O Fiat Uno de R$ 9 milhões: Entenda o caso do veículo recordista de multas em SP
Relembre o caso do Fiat Uno apreendido em SP com R$ 9 milhões em débitos. Entenda como a falta de indicação de condutor transformou multas comuns em uma dívida milionária.
Em uma fiscalização de rotina na Avenida Senador Teotônio Vilela, zona sul de São Paulo, a Polícia Militar e o Detran-SP realizaram uma das apreensões mais impressionantes da história do trânsito paulista. Um Fiat Uno Mille, aparentemente comum, escondia uma dívida acumulada de R$ 9.038.872,87 (aproximadamente R$ 15,2 milhões em valores corrigidos para 2026).

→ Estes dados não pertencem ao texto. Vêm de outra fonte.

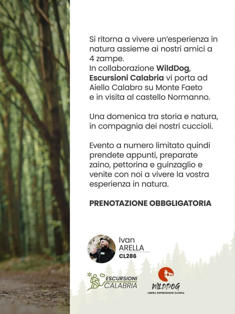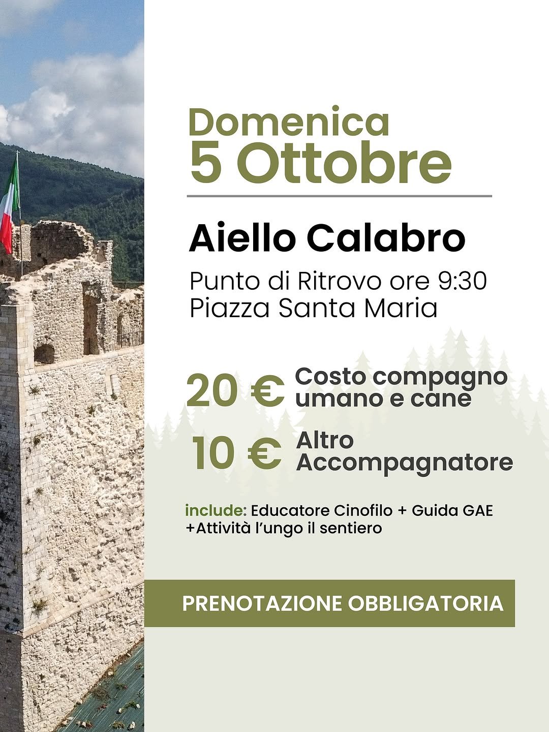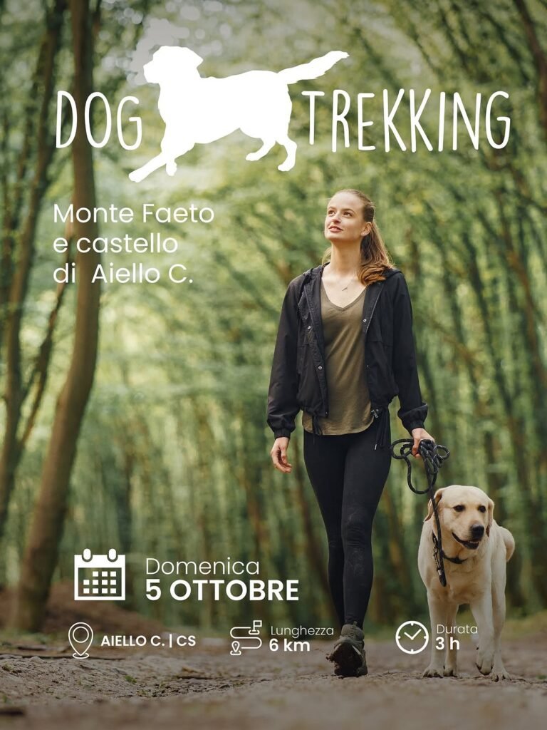 Il 5 ottobre ad Aiello Calabro (CS) è in programma un dog trekking (un'esperienza trekking con il proprio cane) che condurrà i partecipanti lungo i sentieri di Monte Faeto, con tappa al Castello Normanno del borgo.
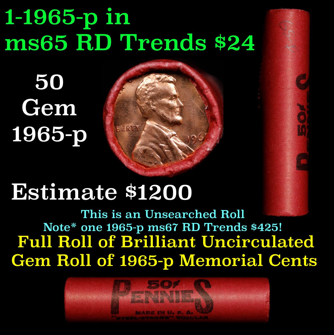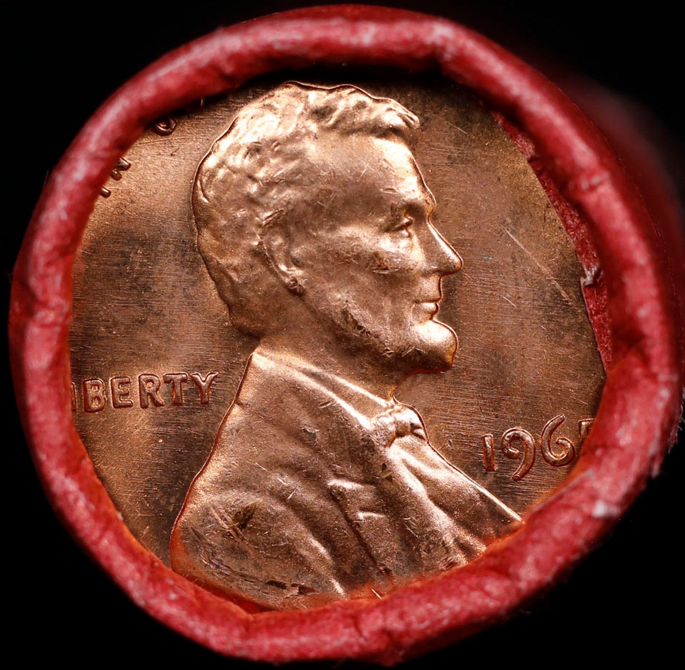 Shotgun Lincoln 1c roll, 1965-p 50 pcs Steel-Strong 50c Wrapper.. A terrific Shotgun roll of Lincoln cents. Most if not all coin should be cherry red.
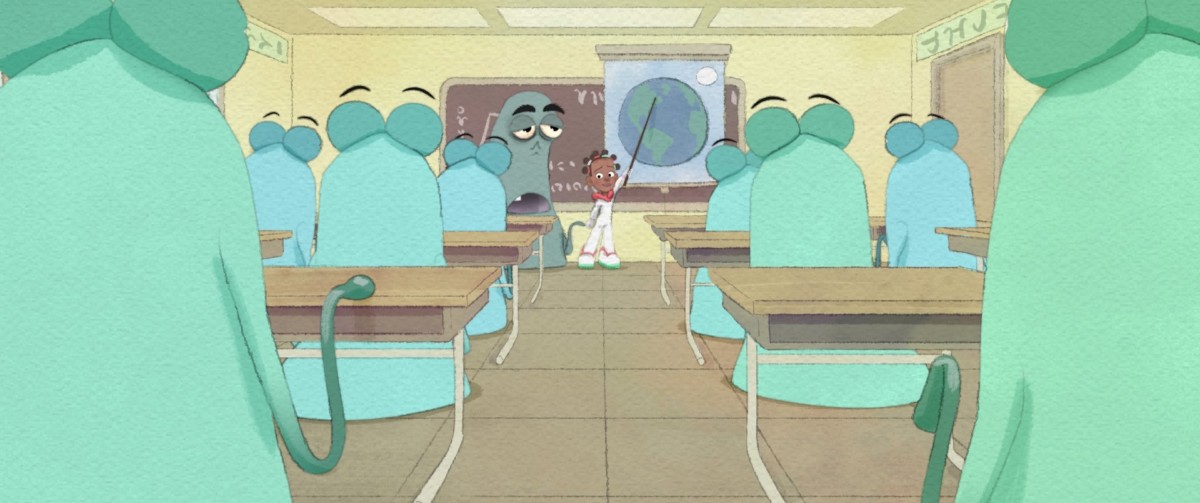“Exchange Student”, directed by Natalie Nourigat, is a showcase of watercolors and comic-style animation. Life is hard enough for exchange students at a new school. But as the only earthling at a school for aliens, the central character in this fanciful story is the ultimate outsider and must prove her worth to be accepted by her unusual classmates.
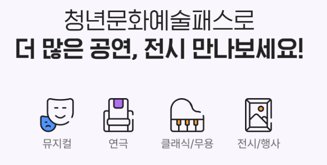 청년문화예술패스란 사회에 첫 발을 내딛는 대한민국 19세 청년에서 공연(연극, 뮤지컬, 클래식 등) 전시 관람비를 지원하여 청년의 문화향유 기회를 제공하고 예술창작활동에 대한 간접적 지원과 무노하예술시장 활성화를 목적으로 하는 사업입니다.
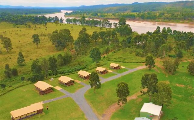 Mingo Crossing Caravan Park on the shores of the Burnett River, which features a range of award-winning 'glamping' options, will be going up for sale as part of a new decision by the North Burnett Regional Council. (Supplied: NBRC)
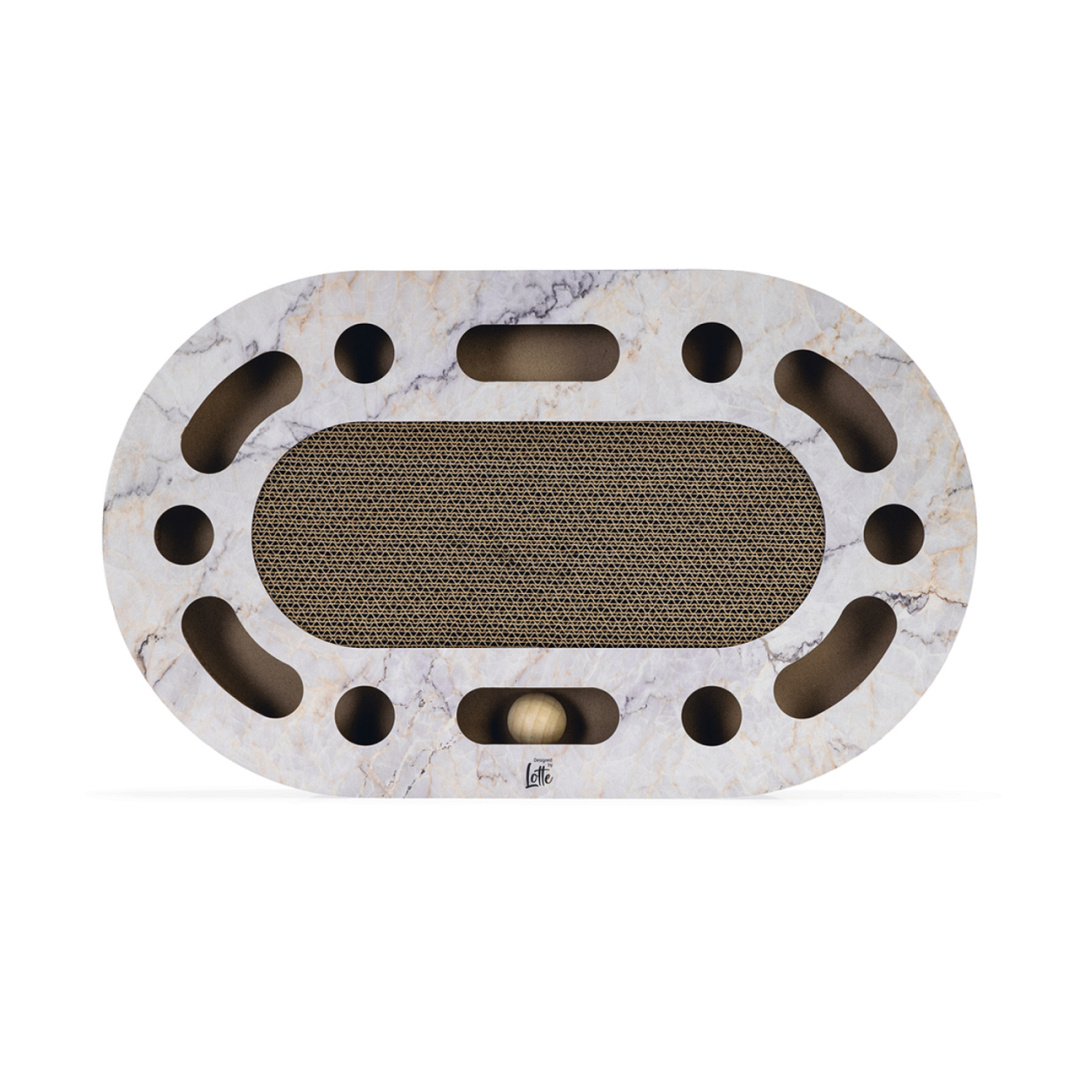 Designed by Lotte krabspeeltje Meda past perfect bij de laatste interieurtrends. Met zijn elegante kleur en marmerlook is dit krabspeelgoed niet alleen functioneel voor jouw kat, maar ook een stijlvolle toevoeging aan je woonkamer. Gemaakt van karton waar katten dol op zijn, biedt het een ideale plek om nagels te scherpen en gezond te houden. Meda is voorzien van speelballetjes en gaten in de bovenzijde, wat de natuurlijke krabbehoefte van jouw kat stimuleert en hen uitdaagt om te spelen en actief te blijven. Bovendien wordt er kattenkruid meegeleverd, wat jouw kat nog meer aantrekt tot de krabplank. Het compacte formaat maakt het gemakkelijk te plaatsen in elke ruimte zonder te veel plek in te nemen.

O Fiat Uno de R$ 9 milhões: Entenda o caso do veículo recordista de multas em SP
O montante, que supera em centenas de vezes o valor de mercado do próprio carro, era composto quase inteiramente por multas municipais, somando 1.614 infrações — a maioria por excesso de velocidade e desrespeito ao sinal vermelho.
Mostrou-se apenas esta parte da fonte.